Reading one of my books this morning, i came across a scene that got me thinking and crying at the same time. Lately i have felt that i have been out of sorts, not just with myself but Master too. A part of me wonders if it is just all the hormones changing and going back to the levels they were before, the baby blues, or just me making a big deal out of nothing.
Our daughter has been home for five weeks now and i cant help but think that we are both so lucky to even have her here after everything we went through. Watching her sleep at night, i always find myself counting fingers and toes and just watching her breathe. My deepest fears come to life everytime i hear a little choke or watch her chest stop rising for a minute or so. It comes from deep inside me and i cant help but feel this way. Im so afraid that one minute that i am going to turn around and she stops breathing or something happens to her and i dont know it. She is our whole world and i am so afraid of losing her after everything we've been through that it scares me to my core.
Seeing her sleeping and so peaceful and kissing her cheeks, i find myself counting every day as a miracle for her. She could have come into this world at 25 weeks instead of waiting until a little into 32 weeks. Thinking of all the hardships we had and the several times that i went into labor and i was forced to just sit through it and take all those medicines to relieve the pain. Did i do something that could end up harming her in the future, especially the day she was born because they had given me morphine and phengren and benadryl about 10 minutes before she came into the world. It would devastate me to know that she was hurt by something i took to help myself. It makes me feel like i was being selfish and not thinking about anyone but myself when it should be about her.
We had to face her being in the NICU for a week, although it was supposed to be longer by the original doctor's account. She was supposed to have a breathing tube and a feeding tube and stay anywhere from four to six weeks, but she only needed a CPAP for a few hours and then was on oxygen after that for about a day. She was a fighter from the beginning, but despite that with everything she had it was still very sobering to watch your daughter have to have all sorts of tubes and wires running from her. She had an iv, monitor wires, her hospital bands, and for a brief time the oxygen tubes. Not only that i had to let someone else take care of her for the first week of her life. We werent able to take her home and calm her when she cried or feed her when she got hungry. Granted, i did feed and change her the couple times that i could but it still felt odd and unreal.
Kissing her cheek every night, Master laughs at me because i lavish kisses all over her. To me, she is our miracle baby and her birth mark is a testament to that. After the birth we noticed she had a red mark on her forehead and above one of her eyes. We found out that it is known as "Angel's kiss" or a more scientific name that i cant think of. To me, this name truly fits her because she was watched over by angels especially after my water broke and she was healthy and stayed in there for another week with no problems or infection.
Before i got pregnant, i faced a lot of health concerns and it scares me that it feels like they are slowly coming back. Since ive been home, ive had chest pain and side pain and a new one--pain that radiates across my whole abdomen. Master jokes it off that it's not coming back(part of me thinks its because He's trying to reassure and ease my mind), but i cant help but feel that it is. We were playing a game with the kinect and i got worn out and my side was hurting horribly like it did before we got pregnant. With all those issues, i dont know if any of it will affect her and that i may have caused harm to her somehow by something i did. She was our miracle and i thank God every day for her.
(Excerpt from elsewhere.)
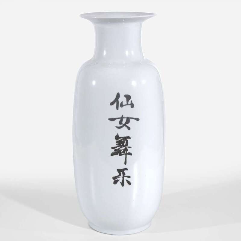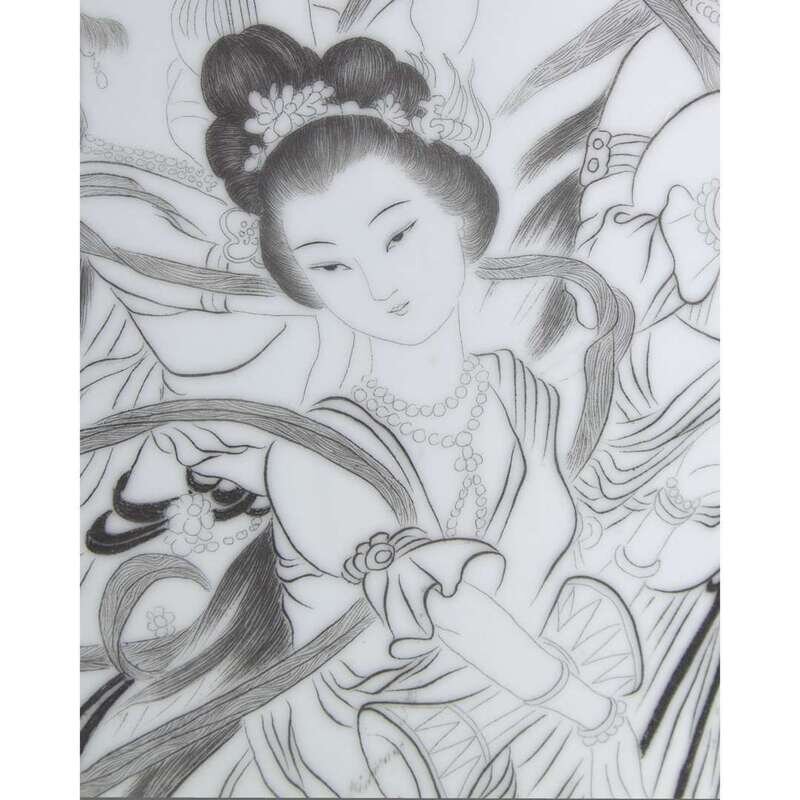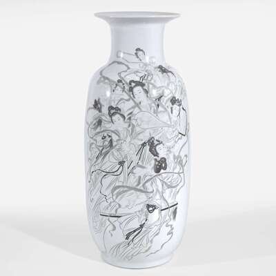 A large and unusual Chinese engraved porcelain "Xiannv wu yue" vase 仙女舞乐瓷瓶 Late 20th/21st century ????????????

I guess the best that i can say is that i am struggling with these feelings and will always worry about her. We have already been through so much and i cant bear the thought of something happening to her to where she has to go back into the hospital or even worse. Call me a worrywart, but i have to imagine its a possibility in the back of my mind. Aside from that, my other worries concern Master and myself and whether i am doing a good enough job and if i really am a good mother so far. I know i dont know everything, but i feel that He has connected more with her than me and has so much more at ease with it then me. Myself, i feel that im overworrying especially when others joke about it because i cant bear to let her out of my sight for too long, even if it is to let someone else hold her. It scares me that they may not hold her right, or she wont like them, or i dont know. It's just fear for her i guess.
Anyone reading this has any suggestions on how to deal with things or advice, please feel free to comment and let me know because i feel like im struggling. Im struggling with handling motherhood and myself and Master, dealing with my feelings and fear for her, and the worst part of just myself and how i still look horrible and have this huge roll and dont know how to go about losing this extra weight.....ugh such a up/down feeling today.